### Your task:
With pictures left out, retype the lines from the start of the records through the one that contains "Drawing inspiration from".

### Records provided:
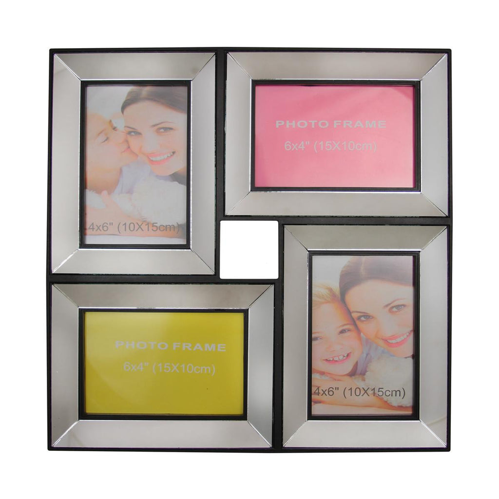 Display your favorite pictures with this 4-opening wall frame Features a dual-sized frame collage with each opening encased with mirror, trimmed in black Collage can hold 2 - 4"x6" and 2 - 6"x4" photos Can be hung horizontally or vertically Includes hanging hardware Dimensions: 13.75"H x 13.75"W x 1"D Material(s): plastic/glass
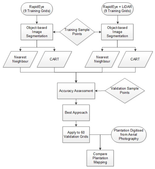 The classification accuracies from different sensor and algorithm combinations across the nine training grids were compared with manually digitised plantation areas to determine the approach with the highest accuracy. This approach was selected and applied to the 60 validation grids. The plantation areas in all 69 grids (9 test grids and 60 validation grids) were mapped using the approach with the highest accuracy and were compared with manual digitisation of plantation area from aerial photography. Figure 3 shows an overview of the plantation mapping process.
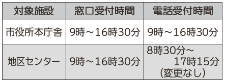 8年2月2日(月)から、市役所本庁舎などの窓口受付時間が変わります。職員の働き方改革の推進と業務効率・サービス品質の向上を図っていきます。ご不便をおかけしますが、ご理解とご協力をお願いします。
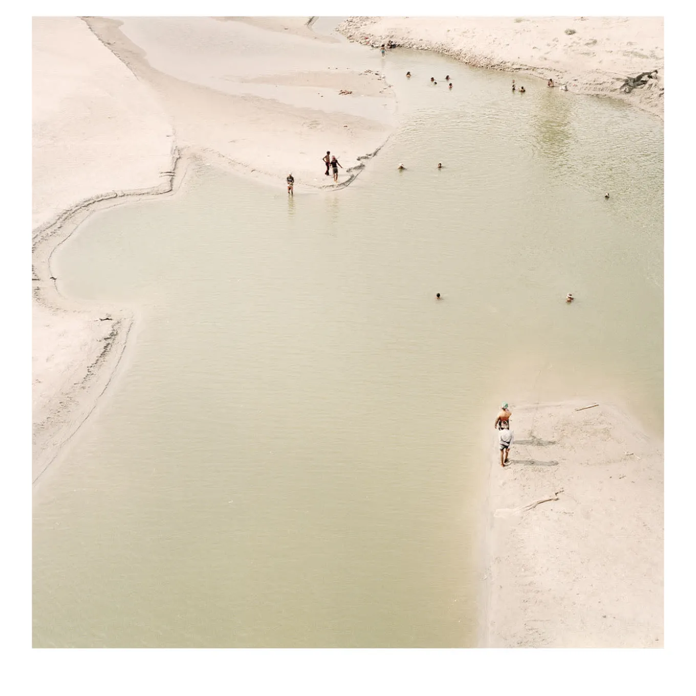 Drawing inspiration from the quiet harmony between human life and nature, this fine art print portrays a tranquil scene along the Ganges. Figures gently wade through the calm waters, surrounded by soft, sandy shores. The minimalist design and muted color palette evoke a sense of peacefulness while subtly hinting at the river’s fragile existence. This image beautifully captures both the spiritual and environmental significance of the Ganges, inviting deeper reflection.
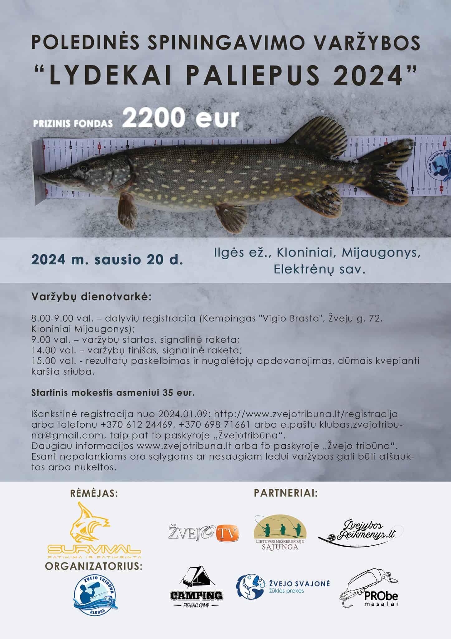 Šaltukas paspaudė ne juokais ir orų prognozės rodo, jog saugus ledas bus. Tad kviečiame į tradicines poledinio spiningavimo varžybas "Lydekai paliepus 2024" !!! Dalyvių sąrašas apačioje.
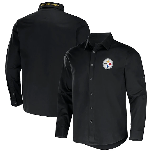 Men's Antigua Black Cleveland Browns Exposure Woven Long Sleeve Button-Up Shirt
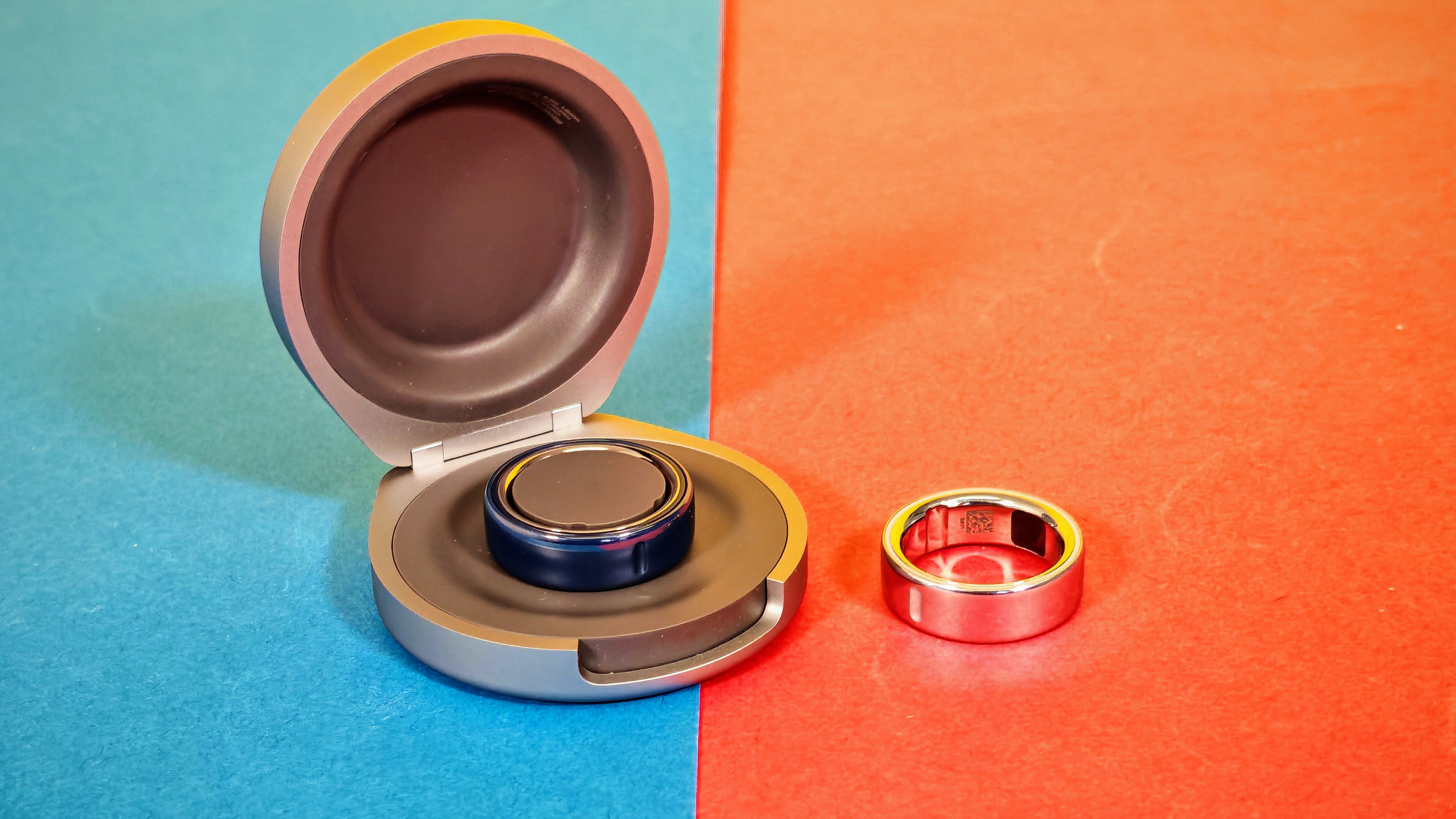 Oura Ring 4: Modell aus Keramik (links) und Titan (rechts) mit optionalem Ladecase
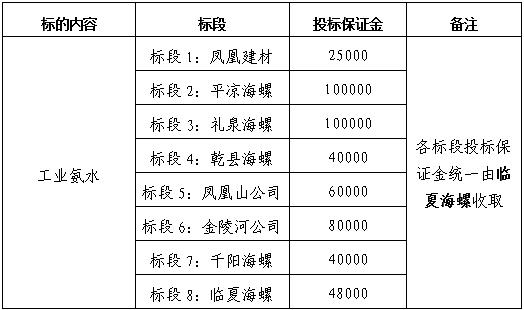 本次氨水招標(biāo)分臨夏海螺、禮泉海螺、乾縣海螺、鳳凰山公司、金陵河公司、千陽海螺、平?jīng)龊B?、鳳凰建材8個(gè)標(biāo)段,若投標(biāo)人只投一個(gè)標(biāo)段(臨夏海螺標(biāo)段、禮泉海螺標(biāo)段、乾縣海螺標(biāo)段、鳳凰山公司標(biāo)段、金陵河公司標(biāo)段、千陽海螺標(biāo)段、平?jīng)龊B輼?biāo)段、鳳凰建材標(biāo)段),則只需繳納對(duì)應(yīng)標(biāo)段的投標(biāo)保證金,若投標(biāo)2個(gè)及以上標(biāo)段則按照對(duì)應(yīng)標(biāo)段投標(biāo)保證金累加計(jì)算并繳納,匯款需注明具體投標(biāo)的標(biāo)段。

### Task response:
 Display your favorite pictures with this 4-opening wall frame Features a dual-sized frame collage with each opening encased with mirror, trimmed in black Collage can hold 2 - 4"x6" and 2 - 6"x4" photos Can be hung horizontally or vertically Includes hanging hardware Dimensions: 13.75"H x 13.75"W x 1"D Material(s): plastic/glass
 The classification accuracies from different sensor and algorithm combinations across the nine training grids were compared with manually digitised plantation areas to determine the approach with the highest accuracy. This approach was selected and applied to the 60 validation grids. The plantation areas in all 69 grids (9 test grids and 60 validation grids) were mapped using the approach with the highest accuracy and were compared with manual digitisation of plantation area from aerial photography. Figure 3 shows an overview of the plantation mapping process.
 8年2月2日(月)から、市役所本庁舎などの窓口受付時間が変わります。職員の働き方改革の推進と業務効率・サービス品質の向上を図っていきます。ご不便をおかけしますが、ご理解とご協力をお願いします。
 Drawing inspiration from the quiet harmony between human life and nature, this fine art print portrays a tranquil scene along the Ganges. Figures gently wade through the calm waters, surrounded by soft, sandy shores. The minimalist design and muted color palette evoke a sense of peacefulness while subtly hinting at the river’s fragile existence. This image beautifully captures both the spiritual and environmental significance of the Ganges, inviting deeper reflection.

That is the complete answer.